Difference between “pointer to int” and “pointer to array of ints”

Question

int main()
{
    int (*x)[5];                 //pointer to an array of integers
    int y[6] = {1,2,3,4,5,6};    //array of integers
    int *z;                              


        

Answer 1

The short answer: There is a difference, but your example is flawed.

The long answer:

The difference is that int* points to an int type, but int (*x)[6] points to an array of 6 ints. Actually in your example,

x = y;

is undefined** behavior, you know these are of two different types, but in C you do what you want. I'll just use a pointer to an array of six ints.
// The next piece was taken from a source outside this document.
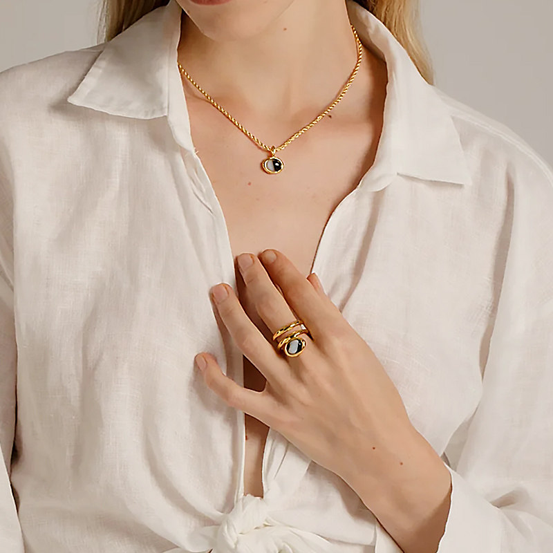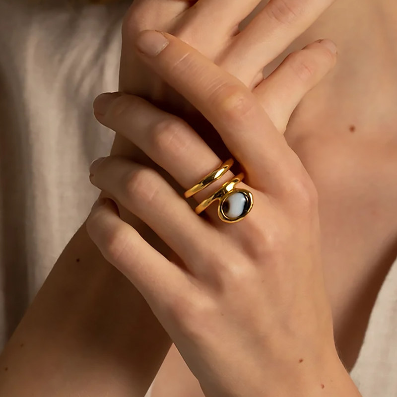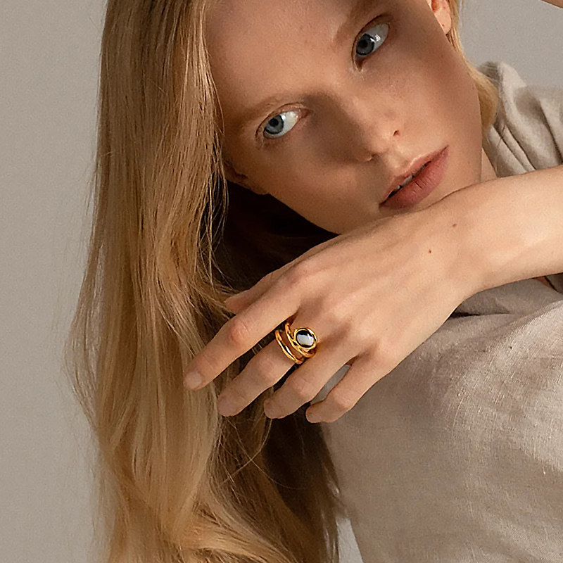 江疏影同款unfolds宝石戒指几何圆圈缠绕复古气质女小众设计指环

Take this modified example:

int (*x)[6];                 //pointer to an array of integers
int y[6] = {1,2,3,4,5,6};    //array of integers
int *z;                      //pointer to integer
int i;

z = y;
for(i = 0;i<6;i++)
    printf("%d ",z[i]);

x = y; // should be x = &y but leave it for now!

for(i = 0;i<6;i++)
    printf("%d ",x[i]); // note: x[i] not (*x)[i]

First,

1 2 3 4 5 6

Would be printed. Then, we get to x[0]. x[0] is nothing but an array of 6 ints. An array in C is the address of the first element. So, the address of y would be printed, then the address of the next array in the next iteration. For example, on my machine:

1 2 3 4 5 6 109247792 109247816 109247840 109247864 109247888 109247912

As you can see, the difference between consecutive addresses is nothing but:

sizeof(int[6]) // 24 on my machine!

In summary, these are two different pointer types.

** I think it is undefined behavior, please feel free to correct my post if it is wrong.